In the described embodiment the receive circuitry comprises decoding means for decoding an event sequence of said serial bits, said event sequence including said channel identification bits. The event sequence can comprise an event header constituting a data packet. The transmit circuitry can include an event generator which generates an event sequence of bits to identify the communication channel on which data is being transmitted. An event can be generated when the instant communication channel is switched to an alternative communication channel.
Each processing core preferably includes at least one autonomously operating processor. In addition, it can also include on-chip memory and a bus system for communicating with said on-chip memory and also possibly with off-chip memory. In addition, each processing core can include a message converter which formulates messages to be transmitted off-chip via the data adaptor and decodes messages which are received on-chip via the data adaptor.
In order to implement diagnostics, each processing core can comprise a set of registers holding information for diagnostic purposes, said registers being accessible from off-chip via the data adapter and the communication channel associated with that processing core. This allows simultaneous independent debugging of on-chip independent processing cores to be accomplished.

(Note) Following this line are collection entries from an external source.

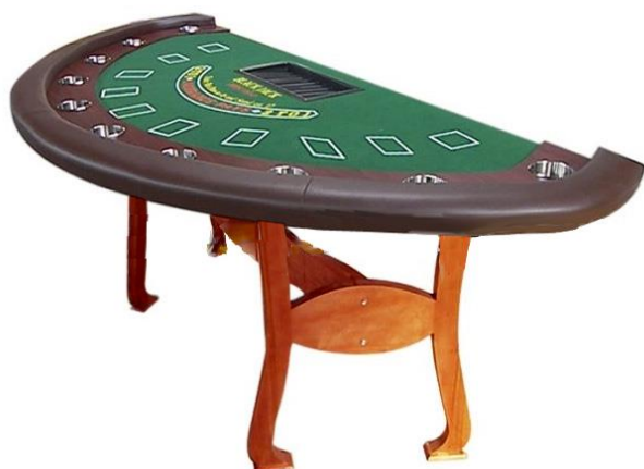
"TOURNAMENT" GRADE BLACKJACK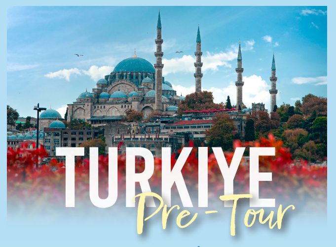
AUGUST 26 - 31, 2025 | FOR $1,798*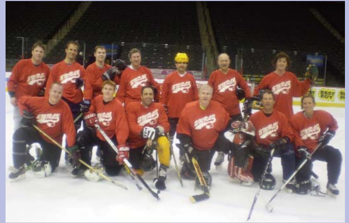
Team #1 (Red Team) Sponsored by Robins, Kaplan, Miller & Ciresi and Western Mutual Insurance Co.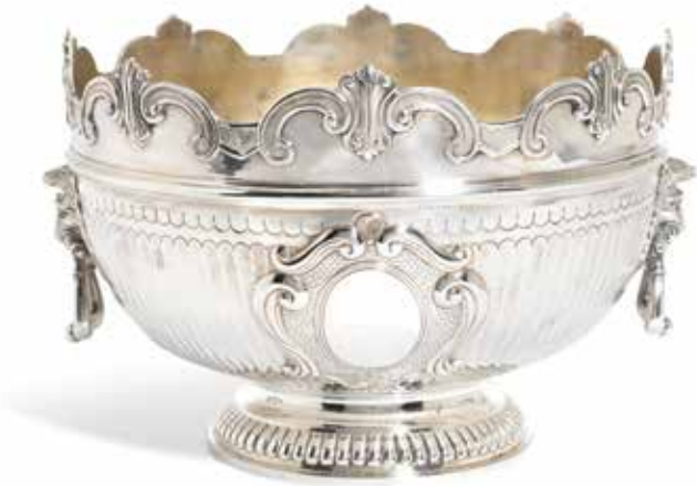
164 A VICTORIAN SILVER PUNCH BOWL by Charles Stuart Harris, London 1894 In the late 17th century style, with a scroll rim, vertical fluting and two lion mask drop ring handles, diameter 35cm, weight 96oz. £1,000 - 1,500 €1,200 - 1,700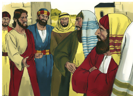
"Bruh you won't"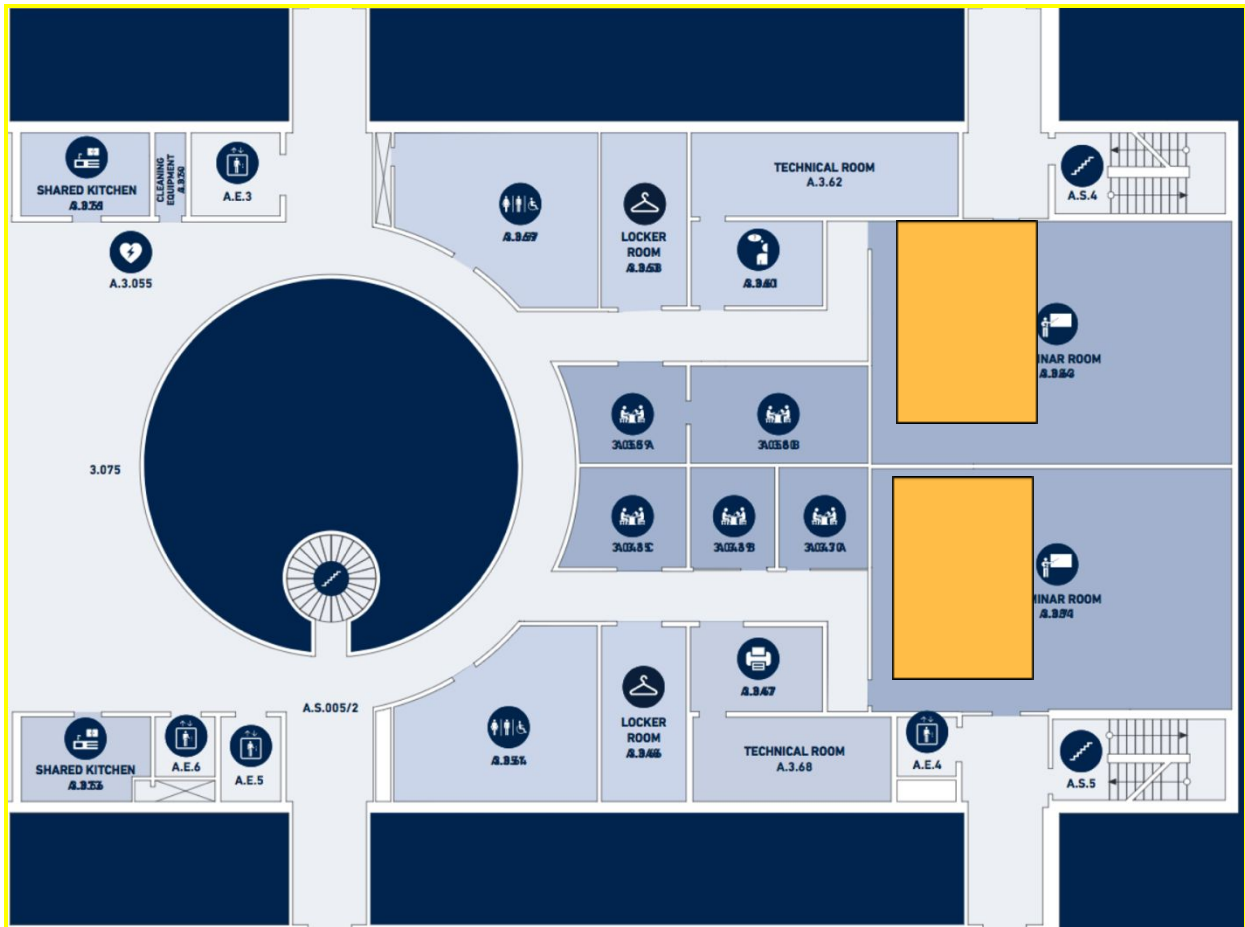
Main Venue, 3 rd Floor.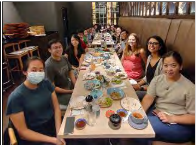
Dinner after the meeting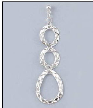
JE100405DC WT: 7.35 gm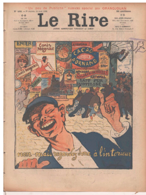
Figure 7. Grandjouan, “Non mais regardez donc à l’intérieur!”, Le Rire , 16 août 1902, p. 1. Paris, BNF.

The integrated circuit can comprise a test access port controller connected to effect communication of serial data across the chip boundary via said input and output pins, the test access port controller being connectable to on-clip test logic in a first mode of operation and connectable to the data adaptor in a second mode of operation.
The invention also provides a number of different computer systems incorporating an integrated circuit as above defined. In one of those systems, two independently operating off-chip processors are connected to the chip by an off-chip host communications adaptor for independently debugging two on-chip processing cores.
In another system, an off-chip host processor has two independently running debugging applications which can communicate independently via an off-chip adaptor with two on-chip independent processing cores.
In another system, an off-chip host processor executes a debugging application with independently operable interface modules which can communicate independently with on-chip processing cores via an off-chip host adaptor.
The invention also provides a method of effecting communication of messages from one of a plurality of independent processing cores on an integrated circuit to an off-chip host processor, wherein:
a) said one independent processing core formulates a message including a message identifier denoting the nature of the message and a channel identifier denoting the communication channel by which the independent processing core seeks to communicate the message;
b) the message is communicated via the identified communication channel to a data adaptor which adapts the message into a format suitable for communication off-chip;
c) when an alternative independent processing core seeks to communicate a message, a new communication channel is identified for the alternative independent processing core and an event message is generated for transmission off-chip identifying the alternative communication channel.